**DATA SECTION**
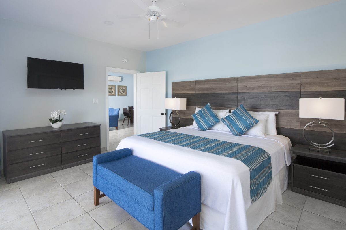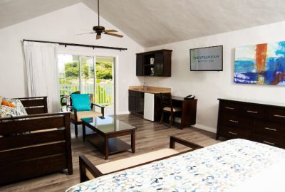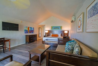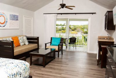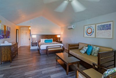 Wake up to breathtaking oceanfront views in our Waterfront Suites, featuring one king bed or two queen beds and a private balcony to enjoy the tropical surroundings.
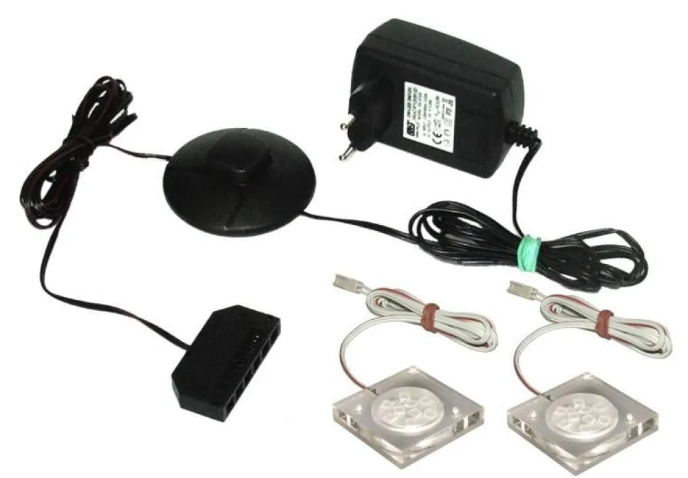 W skład zestawu wchodzi oprawa LED STIK 50F/T z akrylu, moc: 1,5W 12V DC – 9 LED – 2 szt, kolor światła: biały ciepły,
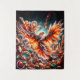 The Flarewing is a phoenix-like bird with wings spread wide, composed of vibrant, swirling patterns resembling flames and minerals. The bird appears to be rising or emerging from a bed of variously coloured and textured geodes, crystals, and gemstones. The background includes a starry sky, adding to the mystical and otherworldly atmosphere of the image. The intricate details and vivid colours make the image visually striking and captivating.

**TASK TO CARRY OUT**
Beginning with the line that contains "W skład zestawu" and ending with the final line of the listing, return each line exactly. Omit all pictures.

**RESULT**
 W skład zestawu wchodzi oprawa LED STIK 50F/T z akrylu, moc: 1,5W 12V DC – 9 LED – 2 szt, kolor światła: biały ciepły,
 The Flarewing is a phoenix-like bird with wings spread wide, composed of vibrant, swirling patterns resembling flames and minerals. The bird appears to be rising or emerging from a bed of variously coloured and textured geodes, crystals, and gemstones. The background includes a starry sky, adding to the mystical and otherworldly atmosphere of the image. The intricate details and vivid colours make the image visually striking and captivating.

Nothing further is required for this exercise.